2.999999999999999555910790149937383830547332763671875
.......(values between, increasing) -> round down
2.9999999999999997779553950749686919152736663818359375
....... (values between, increasing) -> round up to 3
3
The conversion input must use full precision. If the number is exactly the half between
those two fp numbers (which is 2.9999999999999997779553950749686919152736663818359375)
the rounding depends on the setted flags. The default rounding is round to even, meaning that the number will be rounded to the next even number.
Now
3 = 11. (binary)
2.999... = 10.11111111111...... (binary)
All bits are set, the number is always odd. That means that the exact half number will be rounded up, so you are getting the strange .....49999 period because it must be smaller than the exact half to be distinguishable from 3.

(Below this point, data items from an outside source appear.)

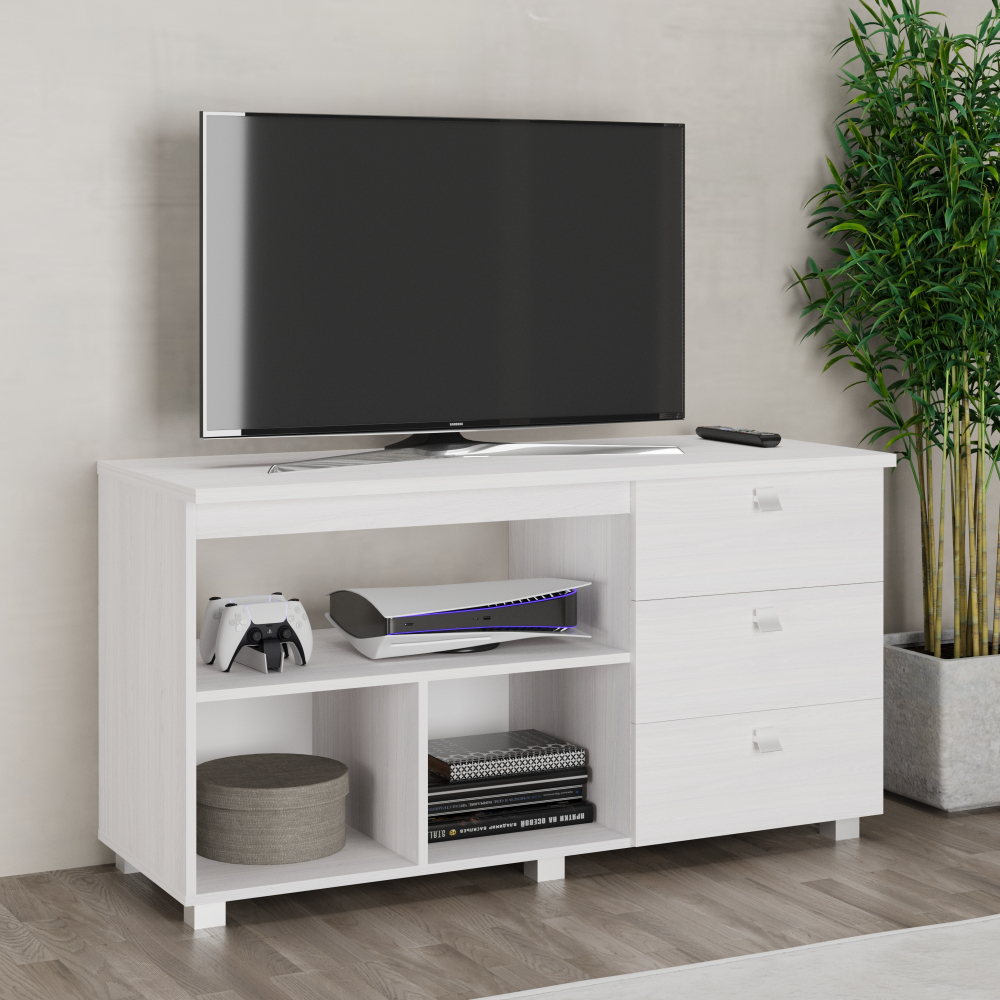 Эта функциональная тумба сочетает в себе практичность и современный дизайн, создавая комфортное пространство для размещения техники и хранения необходимых вещей.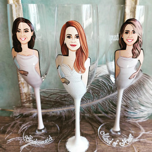 You will definitely want to say - thanks for being together, thank you for your support and care. Personalized gift will say it all. Customized champagne and wine glasses can be perfect “Will you be my bridesmaid?” gift. You can use them in your Bridal Party and reception as eye catching decoration.I’m artist and I’m painting illustrations on glasses. Each glass is unique painting by likeness, I will use your photos to make a very special gift for each Bridesmaid , Maid of Honor and Mother. I will make pretty illustrations including customized dresses and bouquets. And yes, you can drink form these glasses and wash them.If you are interested – please contact me and I will make these fully customized gifts for you.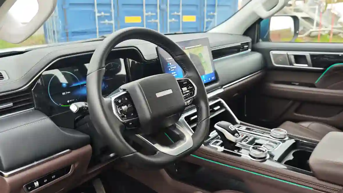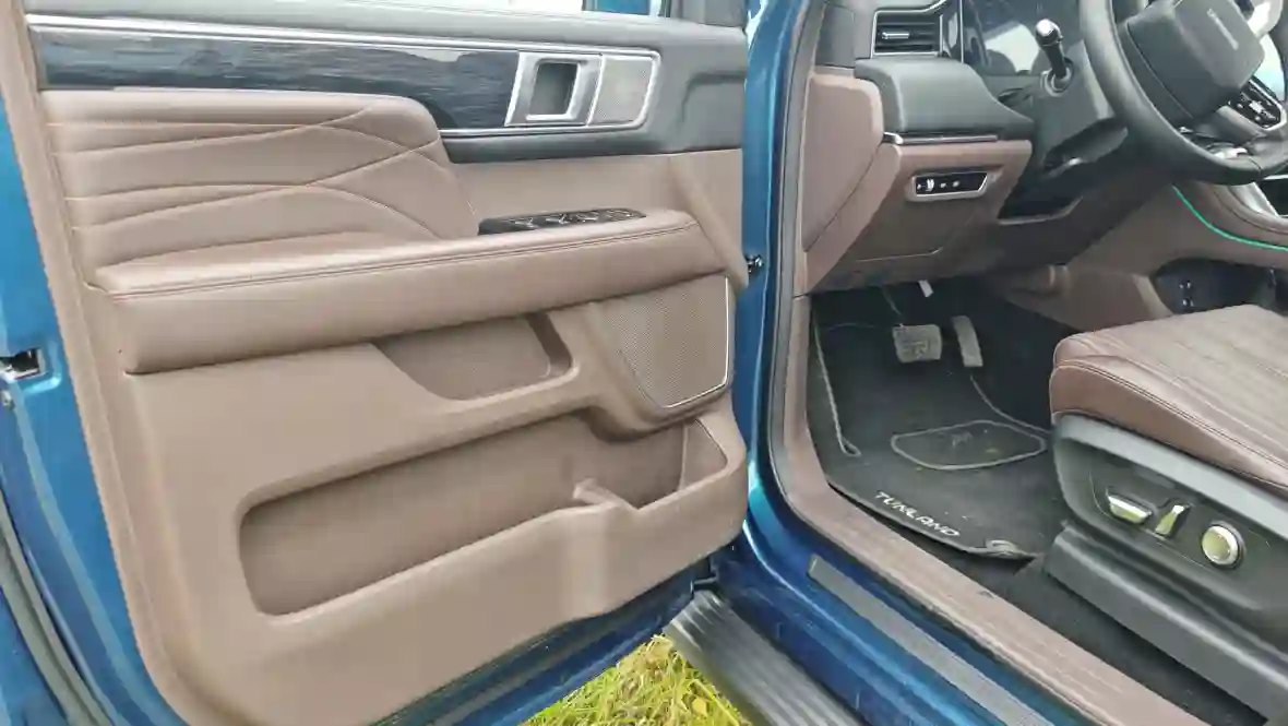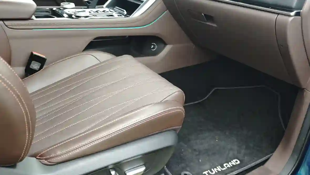 Poer, с его длиной около 5410 мм, короче и ниже (клиренс 212 мм), что делает его более манёвренным в городе, но менее доминирующим на внедорожье; его дизайн — это «умная крепость» с минималистичными LED-стрипами и пластиковыми протекторами, в то время как TUNLAND V7 добавляет хрома и чёрных акцентов для большего лоска, хотя и уступает в утончённости боковым зеркалам с повторителями (у Poer они часто с камерами).

I suspect that converting 2.9999999999999997779553950749686919152736663818359374999999 to its binary representation would be enlightening. It's probably only 1 bit different from true 3.
And to add to John's answer, the odds of this being more performant than Math.floor are vanishingly small.
I don't know if JavaScript uses floating-point numbers or some kind of infinite-precision library, but either way, you're going to get rounding errors on an operation like this -- even if it's pretty well defined.
It should be noted that the number ".0000000000000007779553950749686919152736663818359374" is quite possibly the Epsilon, defined as "the smallest number E such that (1+E) > 1."